That is remarkably similarly to an answer given in Hansard on 23 March 2007 by the right hon. Member for Leigh (Andy Burnham) in response to a parliamentary question tabled by my hon. Friend the Member for South Holland and The Deepings (Mr Hayes). The right hon. Gentleman stated that the Department’s risk register dealt with
“emerging risks to the Department’s programme and the national health service, and what can be done to control and mitigate these risks. It also informs discussions between the Department and top management in the NHS about addressing key issues in policy, resourcing and service management. Putting the risk register in the public domain would be likely to reduce the detail and utility of its contents. This would inhibit the free and frank exchange of views about significant risks and their management, and inhibit the provision of advice to Ministers. We therefore cannot agree to place a copy of the current version of the register in the Library.”—[Official Report, 23 March 2007; Vol. 458, c. 1191W.]

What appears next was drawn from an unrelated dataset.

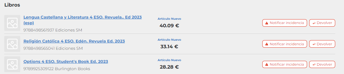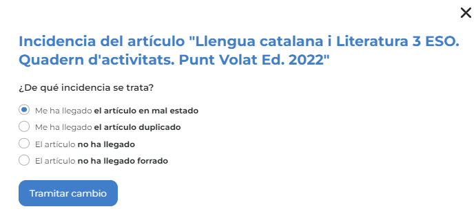En el caso de que hayan solicitado el forrado de libros, también tendrán la opción de notificar que un libro no ha llegado forrado. Este tipo de incidencia gestiona un nuevo envío de forros a medida del libro notificado.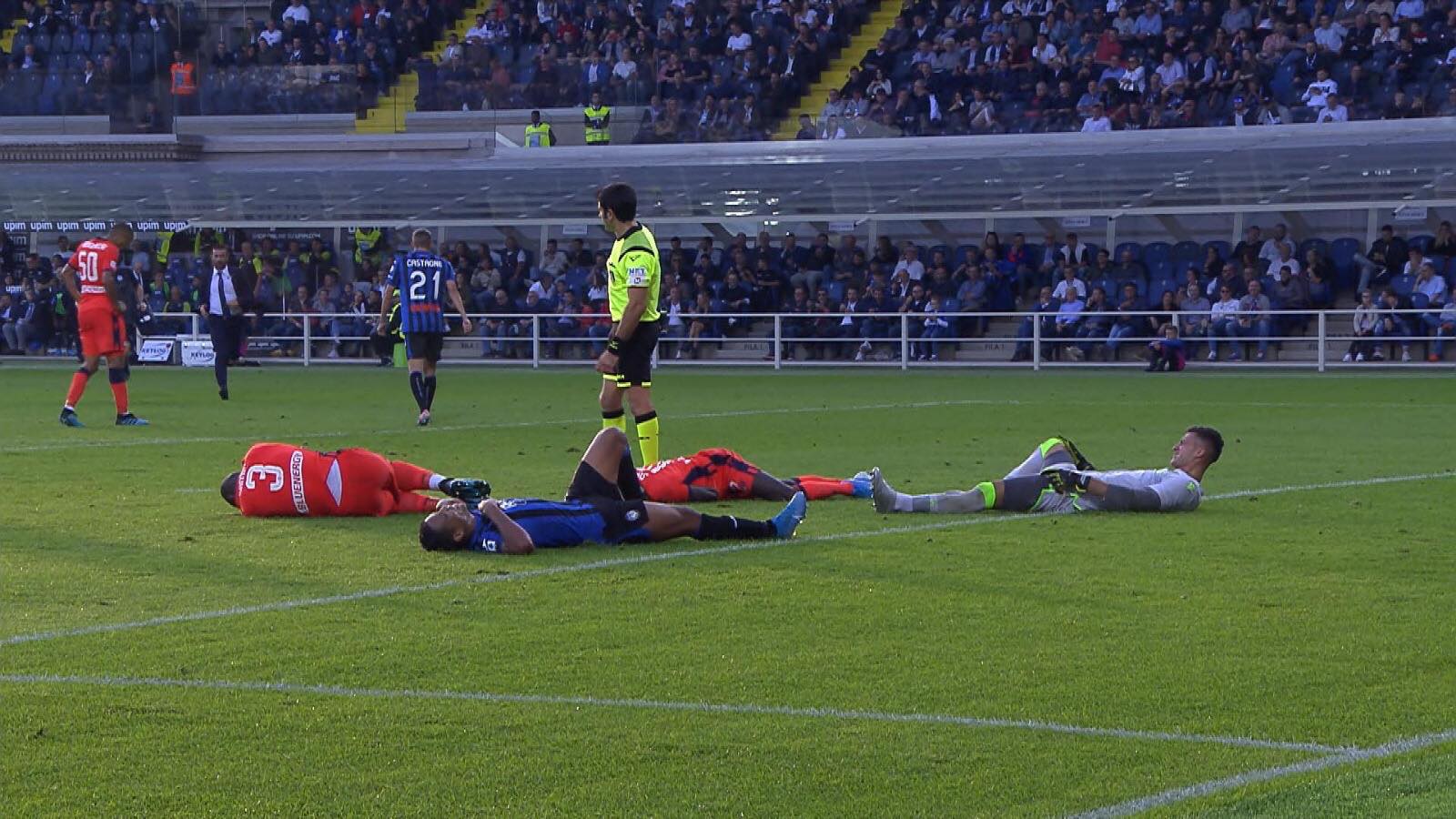 Fra le tante cose successe nel 7-1 fra Atalanta e Udinese anche... uno strike! Nell'occasione che ha portato al secondo rigore, quello del 6-1, Muriel è stato travolto da Samir davanti a Musso. Il difensore dell'Udinese ha finito poi, sullo slancio, per mettere a terra anche il compagno di squadra Sema che cadendo è finito addosso al proprio portiere in uscita. Il risultato della carambola è nel video e nella foto qui sotto...

We had a similar example on 31 July 2008, when the right hon. Member for Kingston upon Hull West and Hessle (Alan Johnson) responded to a freedom of information request by stating:
“Putting the risk register in the public domain would be likely to reduce the detail and utility of its contents. This would inhibit the free and frank exchange of views about significant risks and their management, and inhibit the provision of advice to Ministers.”

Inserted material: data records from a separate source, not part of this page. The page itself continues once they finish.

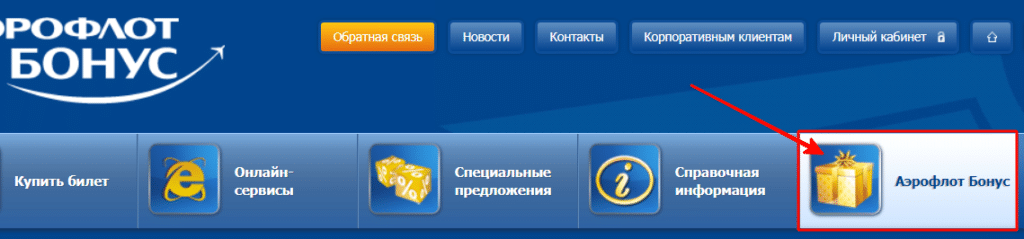 Заходим на сайт и в главном меню выбираем “Аэрофлот Бонус”.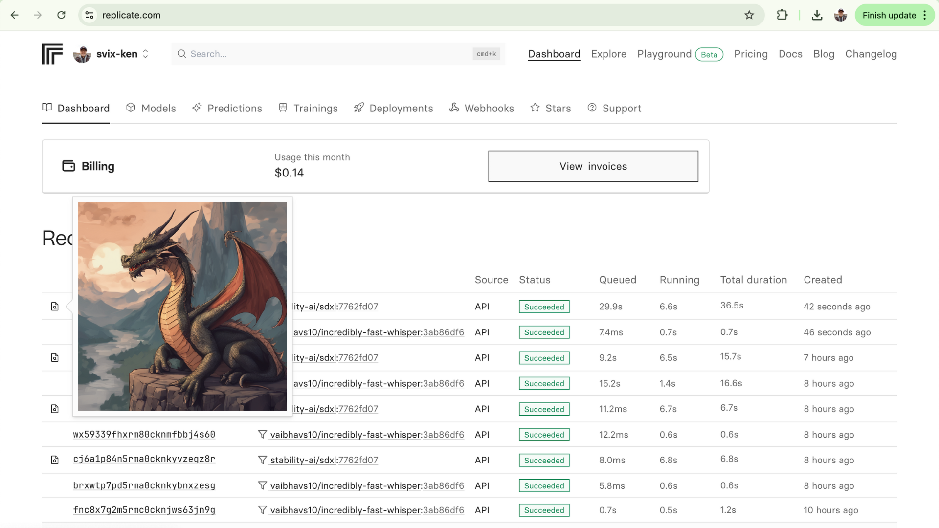 With this setup, you should be able to see the generated images in the Replicate dashboard: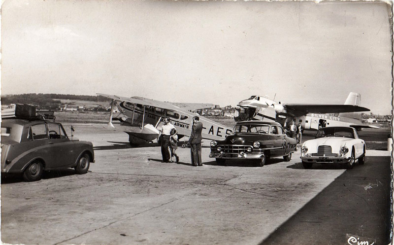 Leo kindly sent this photo-postcard over, featuring not only classic aircraft, but a number of interesting cars. To the left is a laden Triumph Mayflower, with luggage on its roof and a Union Flag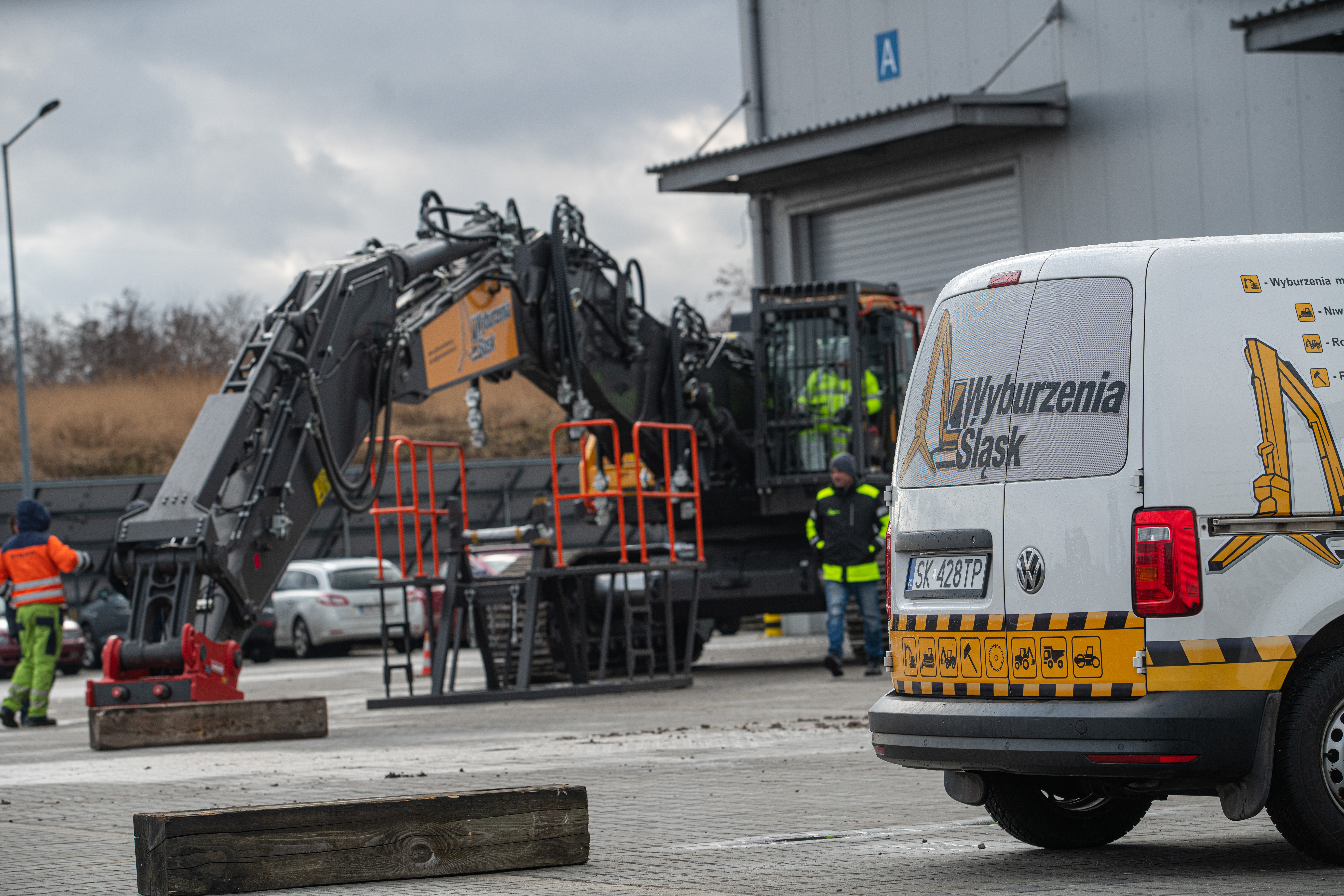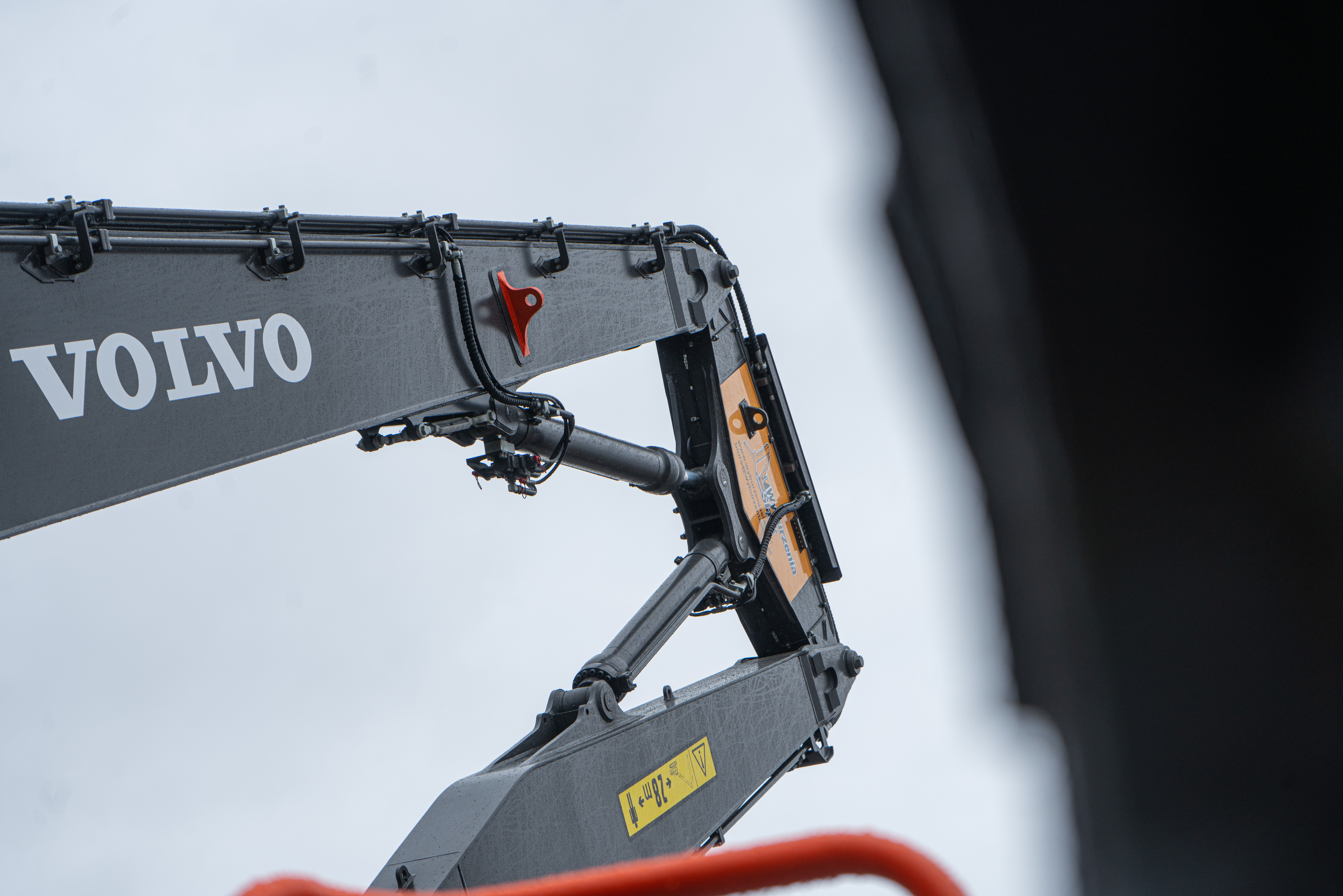 Dwa rodzaje wysięgników, jeden do prac wyburzeniowych i jeden standardowy koparkowy, dlatego też priorytetem stała się szybkość i łatwość ich montażu do maszyny.

The Department of Health also refused a freedom of information request for copies of any presentations given by the director of public health concerned with the risk of not delivering on targets to reduce health inequalities, so it is not only risk registers that the Department has previously refused to reveal.
22 Feb 2012 : Column 923
Members have talked today about the risk register in apocalyptic terms, as though it were a document that should remain within the confines of MI5 or MI6. The Health Minister, Earl Howe, has revealed details of the broad issues that are covered by this risk register. I should like to read them out, so as to set the debate properly in context. They include:
“how best to manage the parliamentary passage of the Bill and the potential impact of Royal Assent being delayed on the transition in the NHS; how to co-ordinate planning so that changes happen in a co-ordinated fashion while maintaining financial control; how to ensure that the NHS takes appropriate steps during organisational change to maintain and improve quality; how to ensure that lines of accountability are clear in the new system and that different bodies work together effectively, including the risk of replicating what we already have; how to minimise disruption for staff and maintain morale during transition; how best to ensure financial control during transition, to minimise the costs of moving to a new system, and to ensure that the new system delivers future efficiencies; how to ensure that future commissioning plans are robust, and to maximise the capability of the future NHS Commissioning Board; how stakeholders should be engaged in developing and implementing the reforms; and finally, how to properly resource the teams responsible for implementing the changes”.—[Official Report, House of Lords, 28 November 2011; Vol. 733, c. 16.]
John Healey: The hon. Gentleman is right to draw the House’s attention to that fact, but does he accept that that is information that has not been published elsewhere and that the Secretary of State’s argument that the impact assessments that have been published are sufficient therefore simply will not wash?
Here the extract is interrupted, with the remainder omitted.